I have 2 100+ year old buildings in Chicago and have seen many more in process of inspection for purchase. Lucky me, I have learned enough in my encounters to be dangerous :=D

Catch basins in the city are designed to redirect stormwater directly into the sewer line under the building. Stormwater should skim off the top of sediment that accumulates up to the edge of a vertical barrier (the trap) between the sewer line and the basin where the sink line, gutter lines, and floor drains discharge. (In both my properties the barrier has broken down so all water drains directly into the sewer line)

I suggest marking the water level then emptying a 50gal or so garbage can of water into the basin. The water level should return to the "normal" level fairly quickly, otherwise your sewer line is probably at least partially blocked. (If your trap is gone, as mine are, drop a leaf onto the top of the water.

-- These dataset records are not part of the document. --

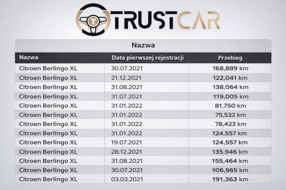 W ofercie mamy kilkanaście samochodów Citroen Berlingo z różnymi przebiegami (lista dostępnych pojazdów znajduje się na grafice dodanej w zdjęciach ogłoszenia)
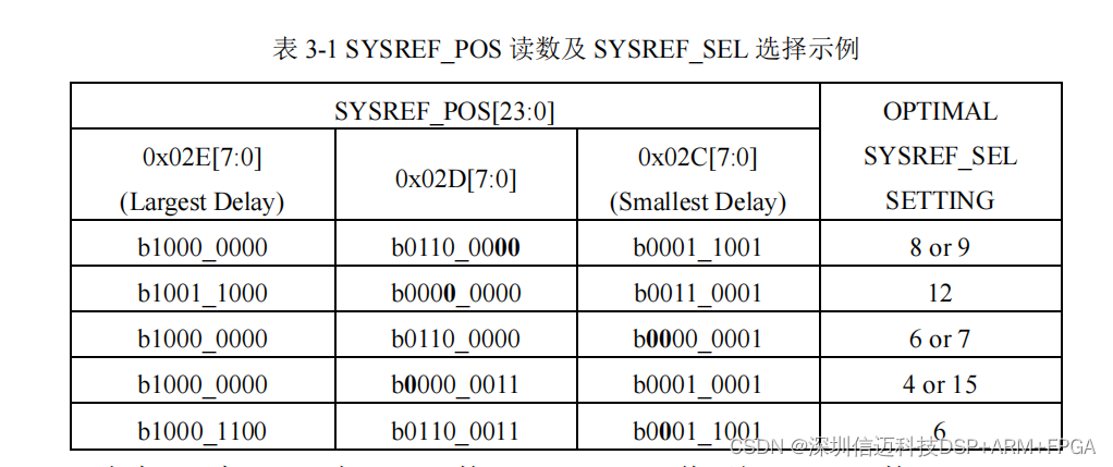 据 SYSREF_POS 数值选择 SYSREF_SEL 位置的示例如表 3-1,加粗部分表示可以
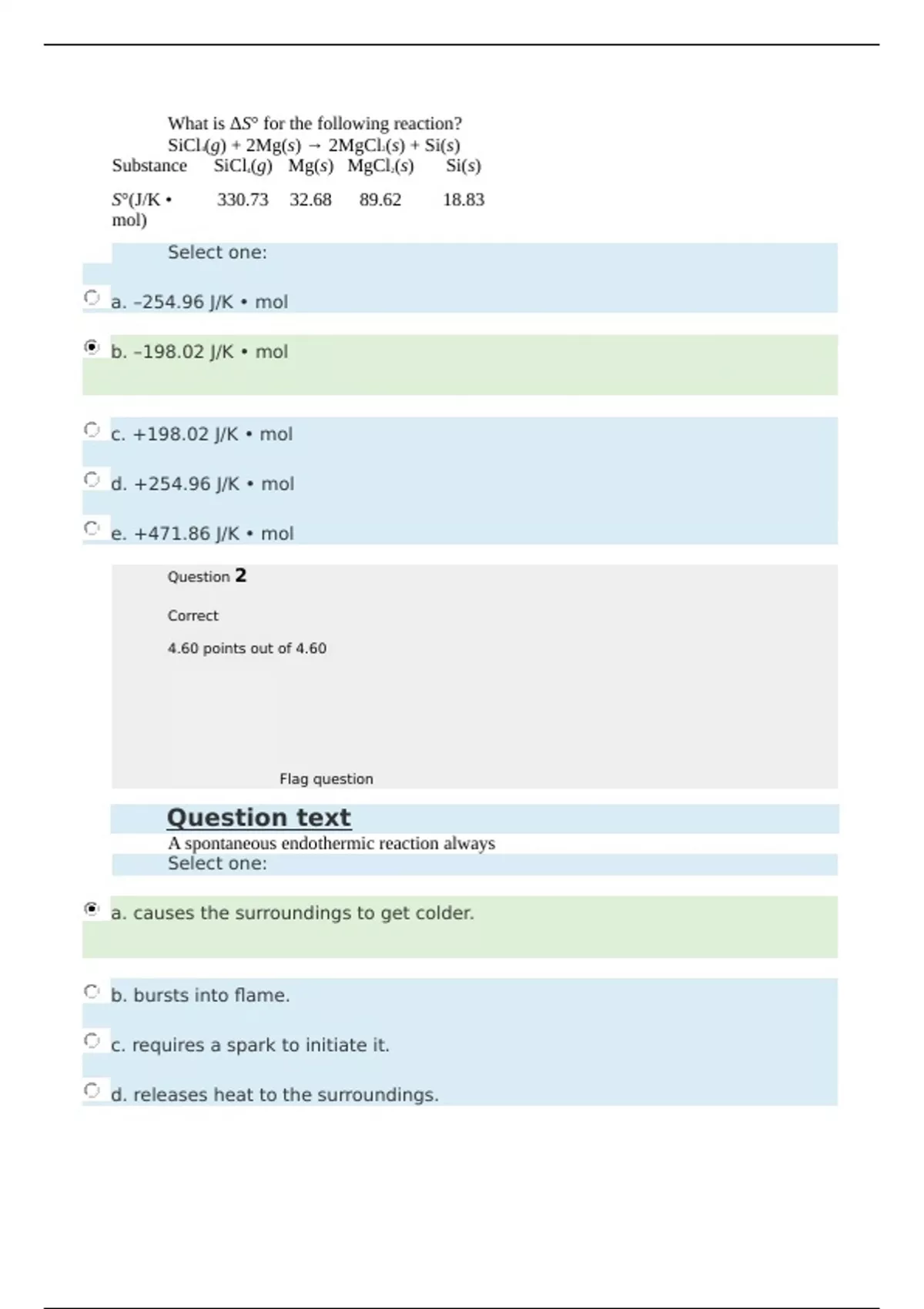 Substance SiCl4(g) Mg(s) MgCl2(s) Si(s)

It should slowly creep into the sewer line inlet, otherwise the line is blocked)

If the line is blocked then usually the first sign of trouble is water coming up the floor drains, since it is the path of least resistance to the rising water.

There are parts of the city that are prone to backflow from the sewer line during rainstorms, and when this happens tree roots in the line can trap solid material flowing back towards the building, or be compressed sufficiently to trap solid waste trying to pass to the street sewer pipe. When this happens you will need a professional to rod the line all the way to the street sewer line.

But let's not get too far ahead of ourselves.....for now just see if a large volume of water will pass through the catch basin.